• [PROBLEM DESCRIPTION]: Reproduce each line, exactly, from the one containing "Ziggo in mijn" through the end of the material. Exclude pictures.

• [RECORDS PROVIDED]:
========================================================================
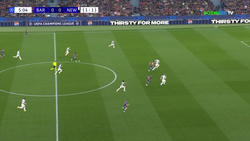 Ο Γιαμάλ έδωσε κάθετα στον Ραφίνια ,εκείνος άλλαξε με τον Φερμίν και με διαγώνιο σουτ από δεξιά έκανε το 1-0.
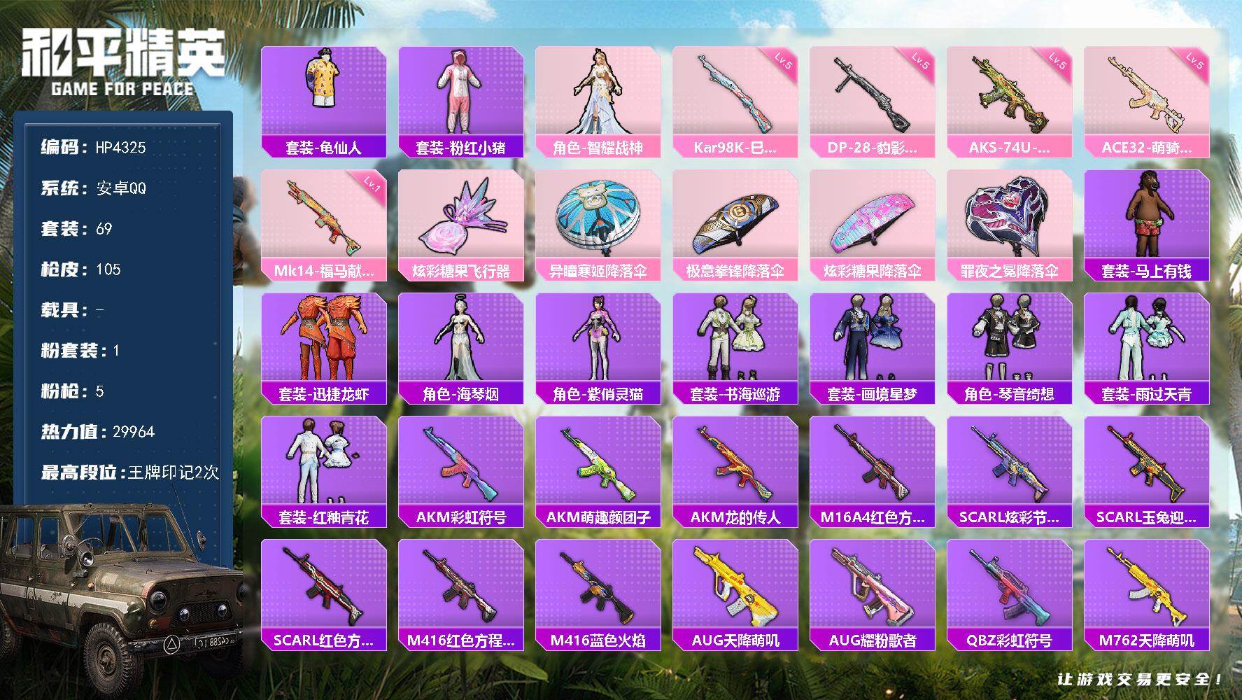 安卓 手Q-1粉装-5特效枪-0载具-1粉色飞行器-29964热力值-2王牌印
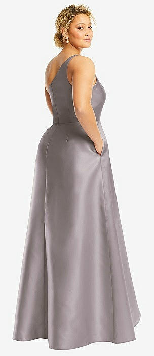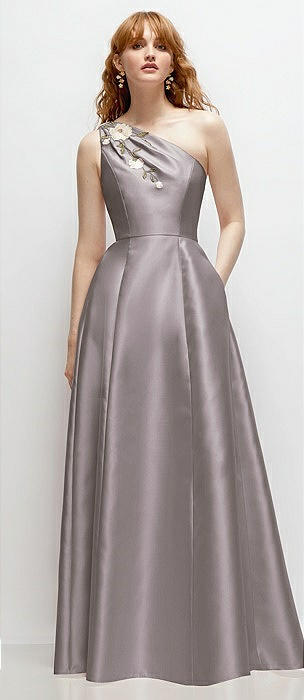 One-Shoulder Full A-Line Satin Gown with Handworked Floral Appliqué in cashmere gray
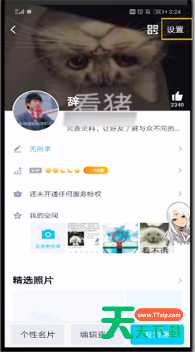 当我们在使用QQ的时候,QQ玩时怎样隐藏呢?有些小伙伴还不熟悉操作方法?下面一起去看看QQ玩时进行隐藏的操作教程,相信你会喜欢的。 QQ玩时进行隐藏的操作教程 1、首先我们打开QQ 2、点击左上角的个人头像 3、再次点击头像 4、点击右上角的设置 5、点击资料卡展示设置 6、将最近在玩取消勾选即可 以上就是天天下载为大家带来的QQ最近在玩怎么隐藏的操作方法,更多手机教程尽在天天下载! @天天下载 除特别注明外,本站所有文章均为 天天下载 原创,转载请注明出处来自 https://www.ttzip.com/53322.html
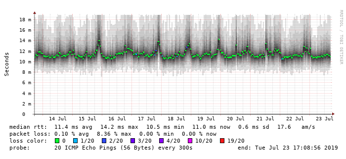 Ziggo in mijn buurt, de ping schommelt altijd tussen de 8 en 20ms (12ms jitter), en elke avond neigt het meer naar 20ms.
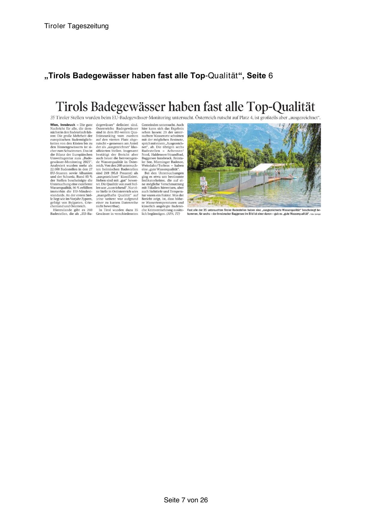 „Tirols Badegewässer haben fast alle Top-Qualität‘“, Seite 6
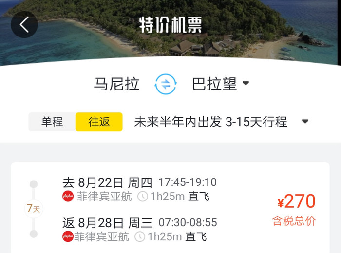 而菲律宾境内机票都超便宜,马尼拉往返巴拉望机场直飞价格在270-550元;
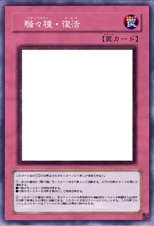 | このカード名の①②の効果はそれぞれ1ターンに1度しか使用できない。 ①:自分の墓地の「騒々種」モンスター1体を対象として発動する。以下の効果から1つを選んで適用する。 ●対象のモンスターを特殊召喚する。 ●対象のモンスターを効果を無効にして特殊召喚する。 ②:このカードが墓地に存在し、自分フィールドの表側表示の鳥獣族モンスターが戦闘または相手の効果で破壊された場合に発動できる。このカードを自分フィールドにセットする。この効果でセットしたこのカードはフィールドから離れた場合に除外される。 | |||
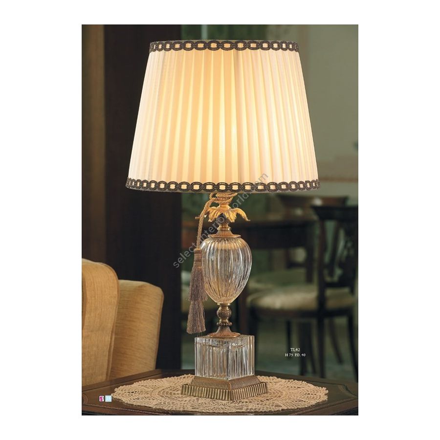 Crystal Table lamp with lampshade. Tassel ""Fascetta"" not included in the price. Lighting item that diffuses the light with great effect in the surrounding environement creating a warm and welcoming atmosphere.
========================================================================
• [EXERCISE RESULT]:
 Ziggo in mijn buurt, de ping schommelt altijd tussen de 8 en 20ms (12ms jitter), en elke avond neigt het meer naar 20ms.
 „Tirols Badegewässer haben fast alle Top-Qualität‘“, Seite 6
 而菲律宾境内机票都超便宜,马尼拉往返巴拉望机场直飞价格在270-550元;
 | このカード名の①②の効果はそれぞれ1ターンに1度しか使用できない。 ①:自分の墓地の「騒々種」モンスター1体を対象として発動する。以下の効果から1つを選んで適用する。 ●対象のモンスターを特殊召喚する。 ●対象のモンスターを効果を無効にして特殊召喚する。 ②:このカードが墓地に存在し、自分フィールドの表側表示の鳥獣族モンスターが戦闘または相手の効果で破壊された場合に発動できる。このカードを自分フィールドにセットする。この効果でセットしたこのカードはフィールドから離れた場合に除外される。 | |||
 Crystal Table lamp with lampshade. Tassel ""Fascetta"" not included in the price. Lighting item that diffuses the light with great effect in the surrounding environement creating a warm and welcoming atmosphere.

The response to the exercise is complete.